Apparently, popular vote loser Donald Trump, Tom Price—his pick for heading up an Obamacare replacement effort, and congressional Republicans are all at odds on how to replace the law.
Donald Trump and his pick to lead the Obamacare repeal effort, Rep. Tom Price, share a vision that the current health care system needs to be completely uprooted.
But the two men have articulated wildly divergent visions for what comes next — and that's making it hard for Hill Republicans to figure out where to start on a coherent replacement plan once Obamacare is gone.
Over the weekend, Trump said he wants to substantially expand coverage once Price is confirmed as Health and Human Services secretary — "insurance for everybody" as he put it to the Washington Post. But as a House member and former chairman of the House Budget Committee, the Georgia Republican wrote one of the most conservative visions for health care, although his plan never included universal coverage as a stated goal.

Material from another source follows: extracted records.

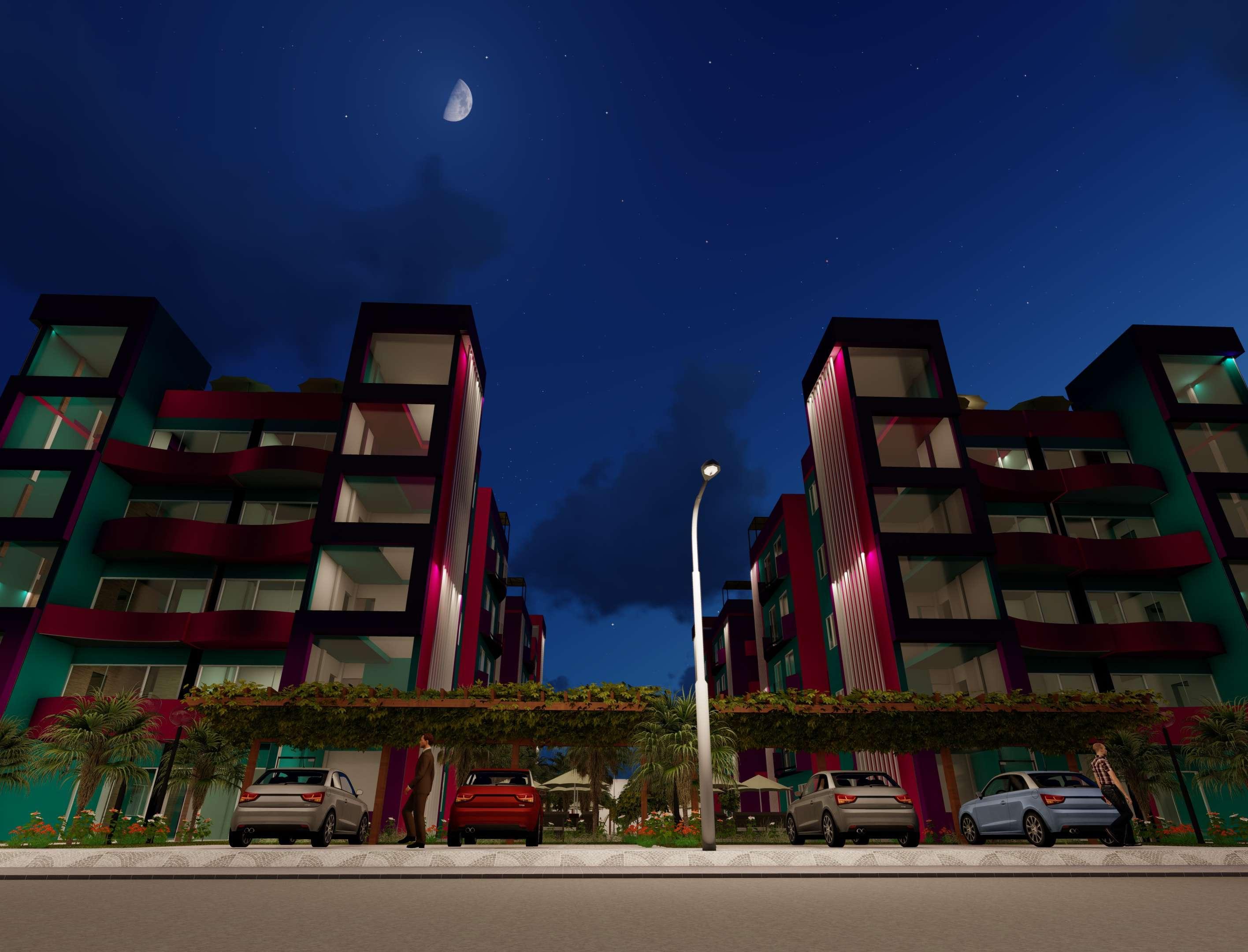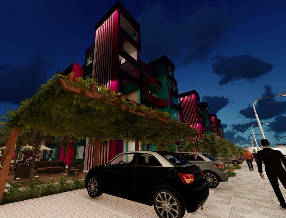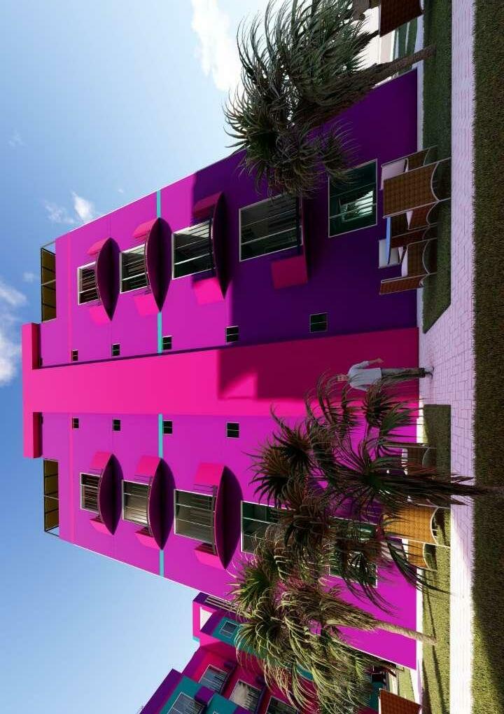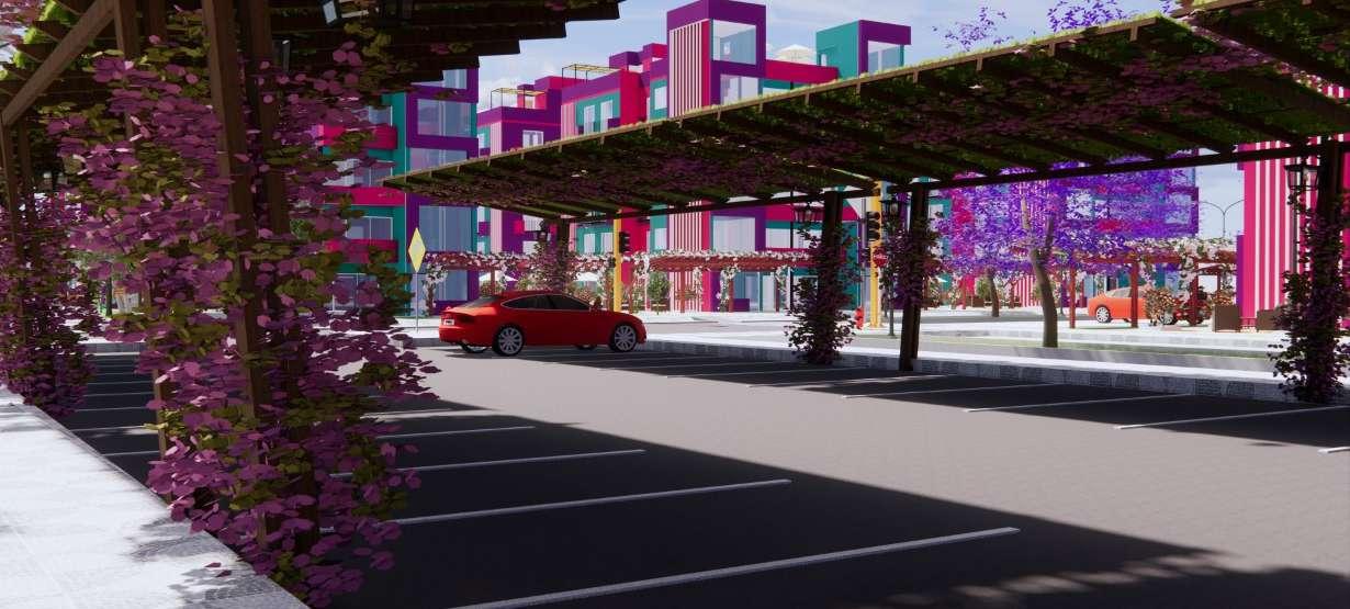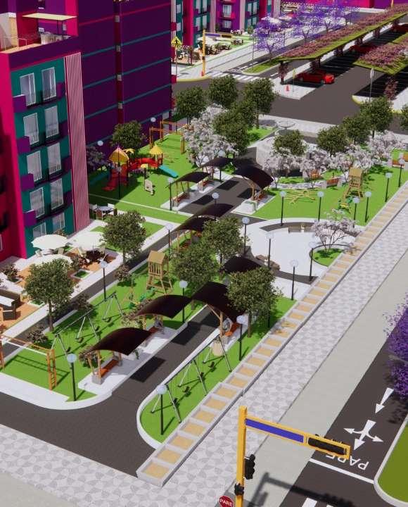 Estos colores son sacados de un sueño, así como su amplio jardín rodeado de crotos y ficus, mobiliario para que todos los vecinos se reúnan y compartan momento juntos, cuenta con estacionamientos externos, cuya sombra es dada por pérgolas con rosales trepadores. Estos módulos ofrecen vistas maravillosas, sacadas de un sueño, con amplios jardines y ambientes que satisfagan sus deseos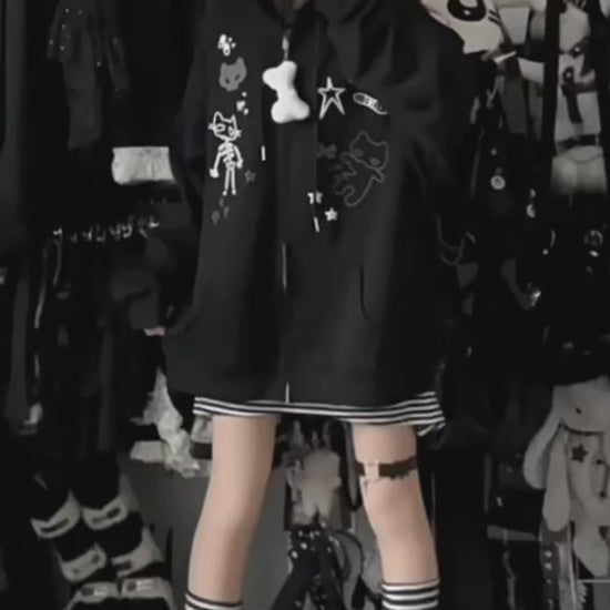 <tc>On Sale</tc>Loose-fitting hoodie with spider web and butterfly design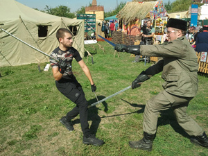 Истории на фестивале было отведено особое место. Организаторы подготовили экспозицию, включавшую показ документальных и художественных фильмов, а также описания подвигов казаков в Отечественной войне 1812 г. и Великой Отечественной войне. На площадке «Казачье подворье» теснились уютные курени. Каждый гость непременно заглядывал через плетень: взгляд притягивал сияющий на солнце бок рукомойника, гремела цепь колодца. «Хозяева» приглашали зайти внутрь дома, отведать блюда казачьей кухни, погулять по двору. «Это ручная мельница, вот сепаратор, который отделял сливки, - показывали старинные вещи в курене Вологодского казачьего отдела. - Попробуйте, какая ступа тяжеленная. А здесь у нас казачье седло, сигнальная пушка и рогатина - с ней когда-то ходили на медведя».
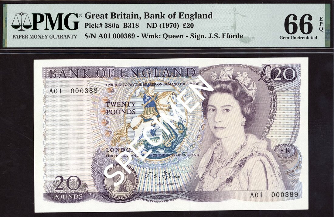Bank of England, J.S. Fforde, £20, ND (1970), serial number A01 000389, (EPM B318, Pick 380a), in PMG holder 66 EPQ Gem Uncirculated, scarce first run low number. Raymond Russell Collection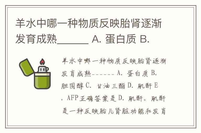 羊水中哪一种物质反映胎肾逐渐发育成熟______ A. 蛋白质 B. 胆固醇 C. 甘油三酯 D. 肌酐 E. AFP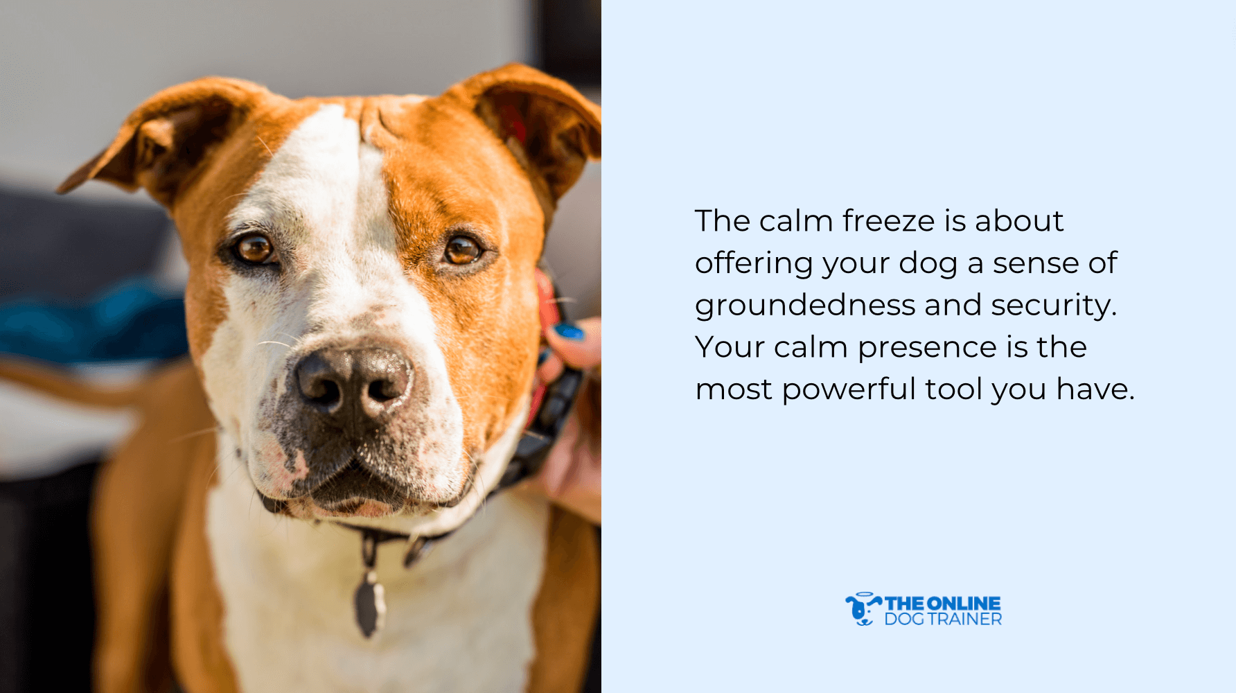 - The calm freeze is about offering your dog a sense of groundedness and security.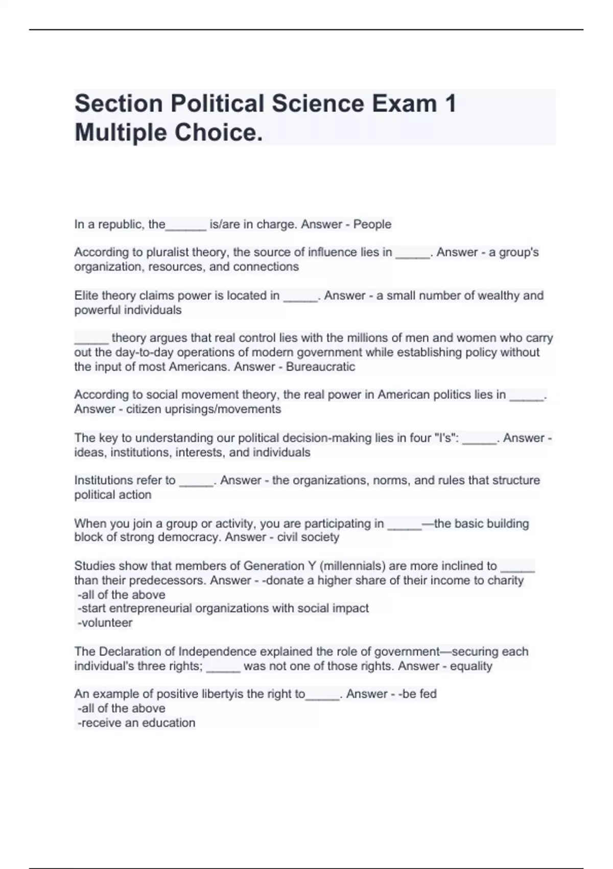 GACE- Political Science Exam Questions and Answers,Intro to Political Science Exam 3 Questions and Answers,James Stoner Political Science 1001 Exam 2 Questions and Answers,PLSC 1 PSU Exam 1 Questions and Answers,Political Sci 104 Exam 2 Questions and Answers,Political Science (Final Exam) Questions and Answers,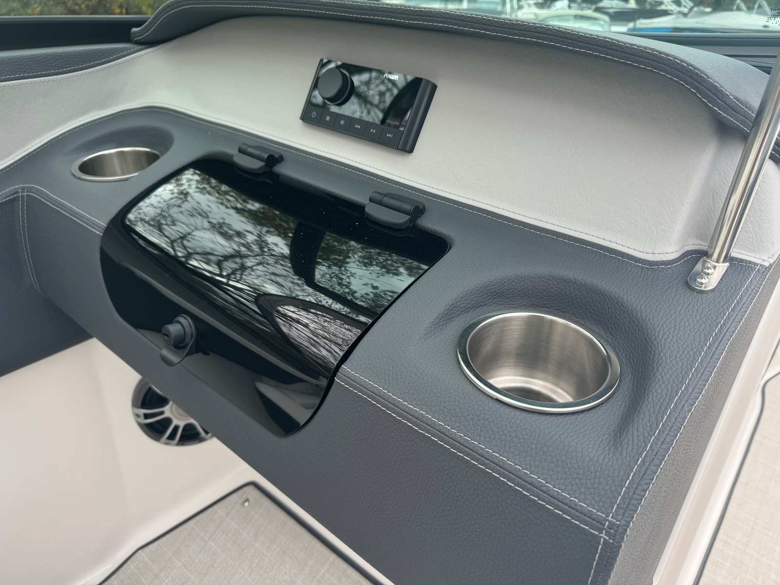 Practicality meets luxury in the Regal LS4. The dual battery switch system ensures you always have reliable power, making it easy to run your electronics and entertainment systems without worry. The travel storage cover protects your investment from the elements, while the durable black canvas adds an extra layer of security and style.Docking and maneuvering are simplified thanks to the boat’s responsive handling and advanced propulsion system. The seagrass mat in the cockpit not only adds comfort but also makes cleaning up after a day on the water quick and easy. With ample storage throughout the boat, you’ll have plenty of space for gear, snacks, and water toys, keeping the deck clutter-free and ready for fun.Fuel efficiency is another highlight, allowing you to spend more time enjoying the water and less time at the pump. The LS4’s smart design ensures that every outing is as convenient as it is enjoyable, making it a practical choice for both new and experienced boaters.

Price's plan has little support in the Senate and supposedly hasn't come up in discussions with Trump. A senior transition official tells CNN that's because "the incoming administration wants Price to be inoculated from questions about what Trump's alternative to the Affordable Care Act looks like when he faces probing senators this week." Or perhaps it's because Trump is saying he wants beautiful health insurance for everyone which is definitely not what Price or any other Republican wants.
But that gives senators lots more time to ask Price about his ongoing ethics problems, like Monday's revelation that Price personally invested in a company, wrote legislation immediately afterward that would benefit that company, and then received campaign contributions from the same company, all in a matter of weeks. Senators could spend plenty of time exploring that, should they wish. They could also ask about the sweetheart deal he got on stocks with another health company, one which has given him "about a 400 percent paper gain in his investment in Innate Immuno, stock trading records show."
There's sure going to be plenty for the Democratic senators on the health committee to talk to Price about on Thursday, whether or not he's been helping Trump on a replacement plan.